↓

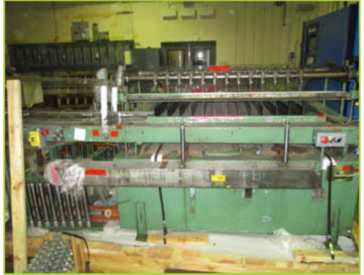
CONVEYOR, UNSCRAMBLER LOT TO INCLUDE CONTENTS OF (1) SKID - 7' X 11' X 64" T, ASSORTED ROLLING CONVEYOR, MANUAL DUMP TABLE AND UNSCRAMBLER
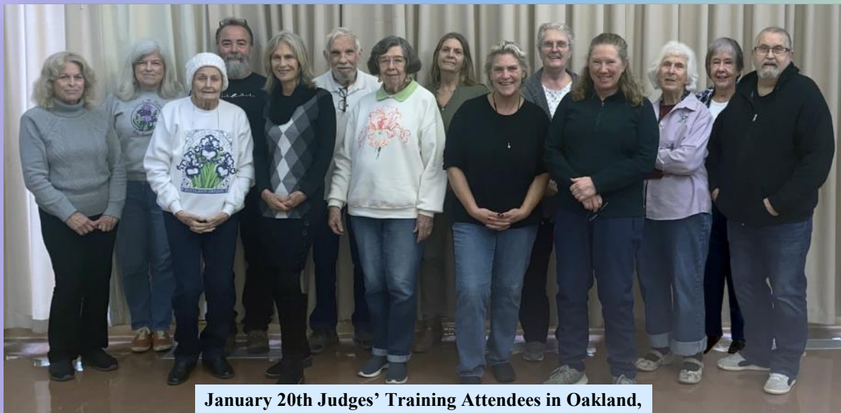
January 20th Judges' Training Attendees in Oakland, CA
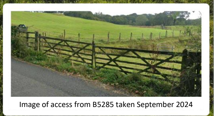
Image of access from B5285 taken September 2024
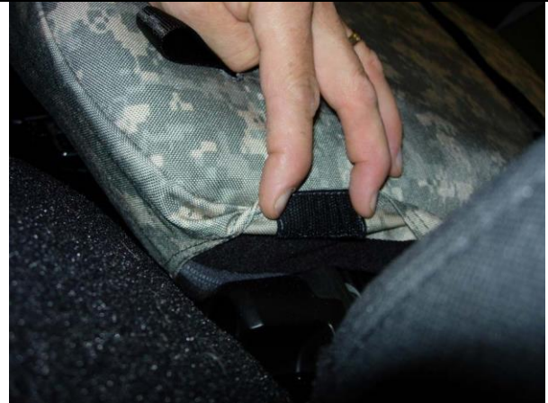
Step 14. Passenger Top/PT: Press the small hook Velcro™ to the carpet fuzz on the outside bottom corner below the nylon pull strap.
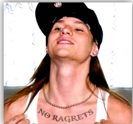
"NOT EVEN A LETTER"

Depending on the size and placement of the tattoo, a treatment can last just a few minutes. Treatments are done about every five to six weeks to allow for the ink particles to clear.
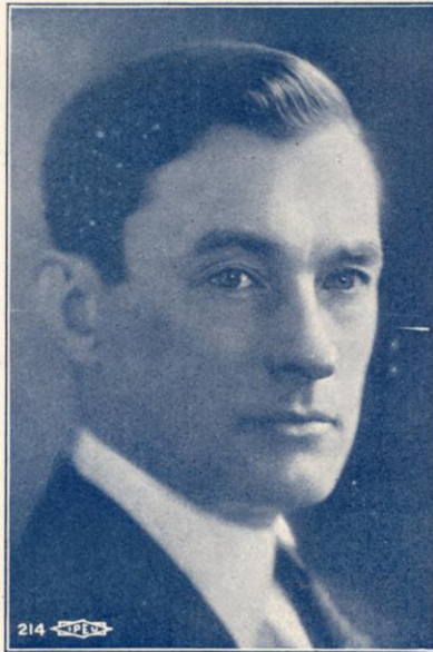
Senator JAMES J. WALKER

Regular Democratic Candidate FOR MAYOR OF NEW YORK
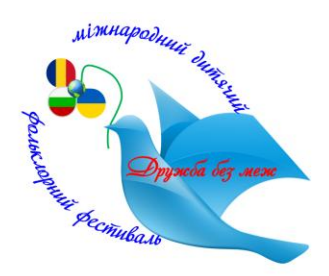
Logo of the Project "Dialogue between Cultures"
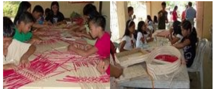
Hands-On Work at Bamboo Craft Training
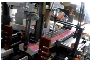
Separating & banding
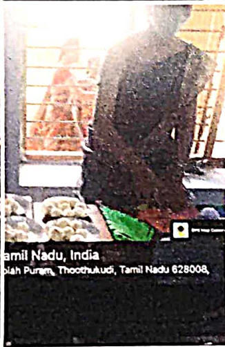
Thoothukudi, Tamil Nadu, India 1, Coats Nagar, Subbiah Puram, Thoothukudi, Tamil Nadu 628008, India
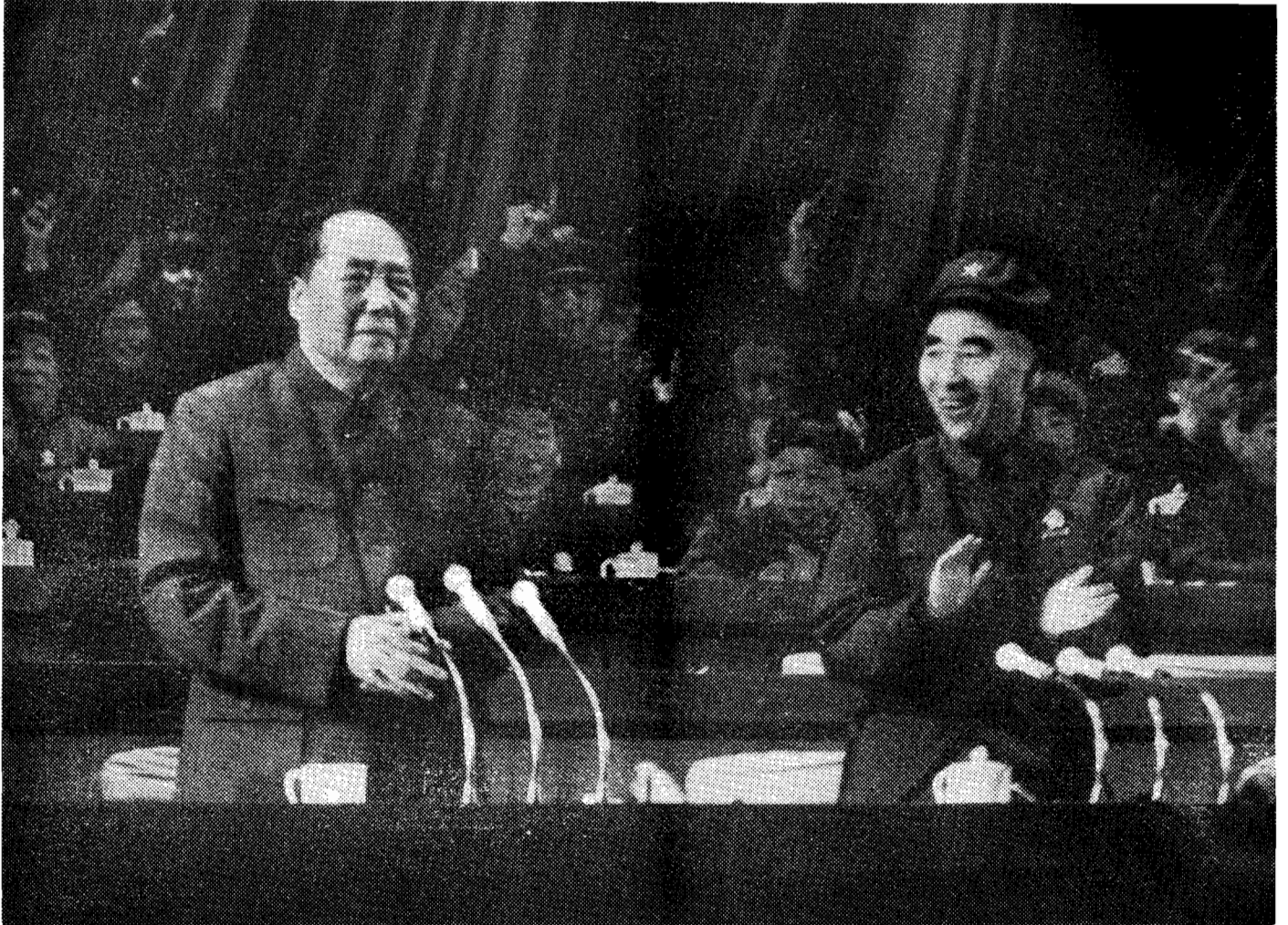
The great leader Chairman Mao and his close comrade-in-arms Comrade Lin Piao on the rostrum
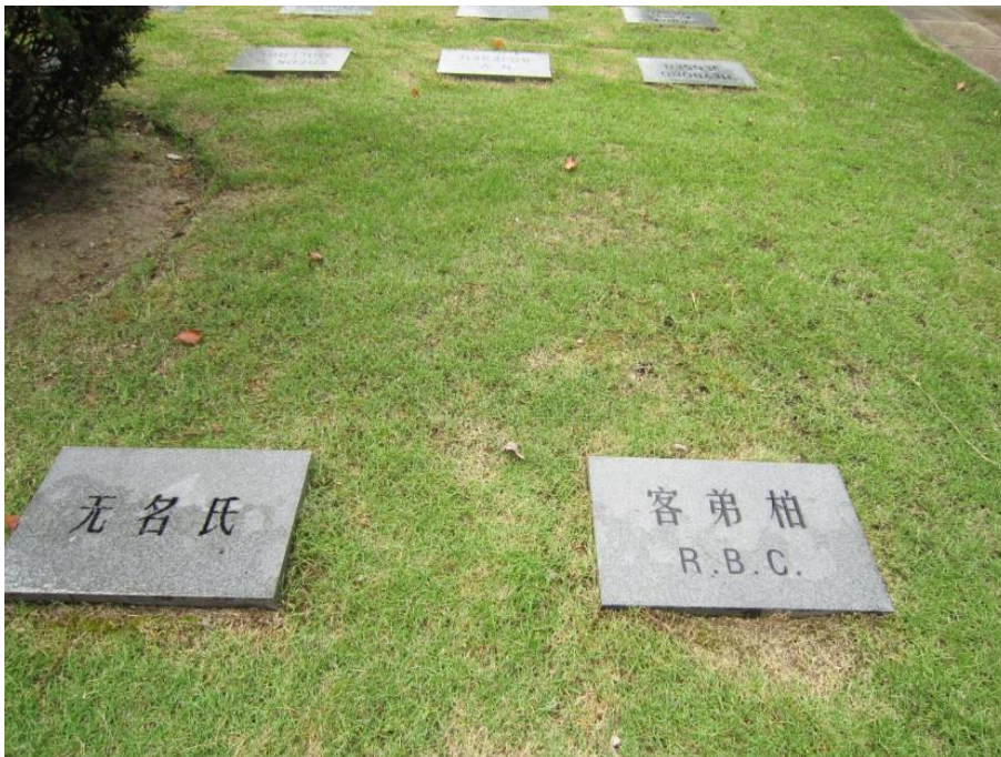
32 Shanghai: Song Qingling Memorial Park: examples of unclear identities ©2018
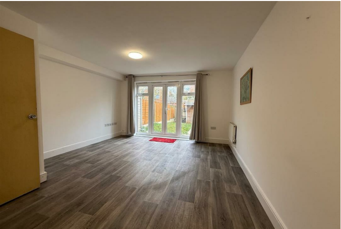
HOUSE - TERRACED (EPC RATING: C)
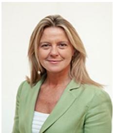
Ms Beatrice LORENZIN
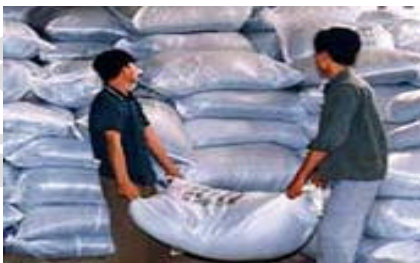
Photo 8 Tea packaging, storing
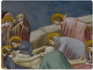
1. Enjoy the genius of Giotto
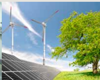
ELECTRICAL ENERGY FROM RENEWABLE SOURCES
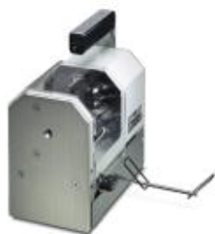
Automatic stripping and crimping device, 120 V version, for insulated taped ferrules 0.5 - 2.5 mm 2 in acc. with DIN 46228-4: 1990-10

Please be informed that the data shown in this PDF Document is generated from our Online Catalog. Please find the complete data in the user's documentation. Our General Terms of Use for Downloads are valid ( http://download.phoenixcontact.com )
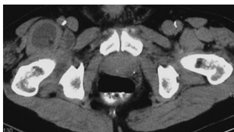
Figure 4: Contrast-enhanced axial computed tomography of the abdomen shows the soft tissue lesion with fluid-signal density in the area of the right iliopsoas muscle.

It was considered best not to attempt percutaneous drainage. He was restricted from bearing weight on the affected limb when using crutches for a month, and was kept on partial weight bearing for another month. Local symptoms and signs showed notable improvement 3 months post-injury. A new MRI performed at 3 months after injury indicated considerable reduction in the size of the hematoma. Full weight bearing was then allowed. The local symptoms and signs that were due to the hematoma, including the palpable mass in the iliac fossa, pain on ambulation, flexion contracture and supine hip external rotation, were completely relieved after 6 months. Symptoms that were due to the right hip osteoarthritis, including morning stiffness, exertional hip pain and limited hip flexion and internal rotation range of motion, were still evident. There was no recurrence of the lesion within 12 months.
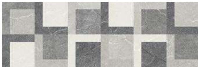
DECOR JAZZ 30x90 cm. M 11,81"x35,43" RECTIFIED
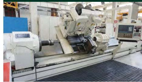
SCREW MILLING MACHINE SAPORITI

WITH DOUBLE HEAD (FOR HIGH PRODUCTION OF SCREW) 7 AXIS. CNC AUTOMATA Max workpiece length mm 4100 Max workpiece diameter mm 200
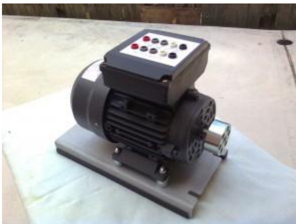
71-1-H100-A : Motor - Single Phase, 44W, 4 pole, 41.5 Vac, 50Hz, SCIM
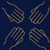
Social Support & Services
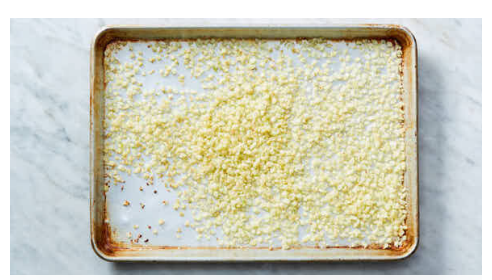
2. Broil cauliflower rice

Finely chop 1 teaspoon garlic. Pick and finely chop 2 teaspoons tarragon leaves; discard stems. Finely grate all of the lemon zest, then squeeze 2 tablespoons lemon juice into a small bowl, keeping them separate. Cut any remaining lemon into wedges. Thinly slice radishes. Trim snap peas.

↑

PROBLEM TO WORK ON:
Write out exactly the run of lines above that starts at the line containing "1. Enjoy the genius of Giotto" and ends at the line containing "Figure 4: Contrast-enhanced". Include both, and leave the pictures out.

THE COMPLETED TASK:
1. Enjoy the genius of Giotto
ELECTRICAL ENERGY FROM RENEWABLE SOURCES
Automatic stripping and crimping device, 120 V version, for insulated taped ferrules 0.5 - 2.5 mm 2 in acc. with DIN 46228-4: 1990-10

Please be informed that the data shown in this PDF Document is generated from our Online Catalog. Please find the complete data in the user's documentation. Our General Terms of Use for Downloads are valid ( http://download.phoenixcontact.com )
Figure 4: Contrast-enhanced axial computed tomography of the abdomen shows the soft tissue lesion with fluid-signal density in the area of the right iliopsoas muscle.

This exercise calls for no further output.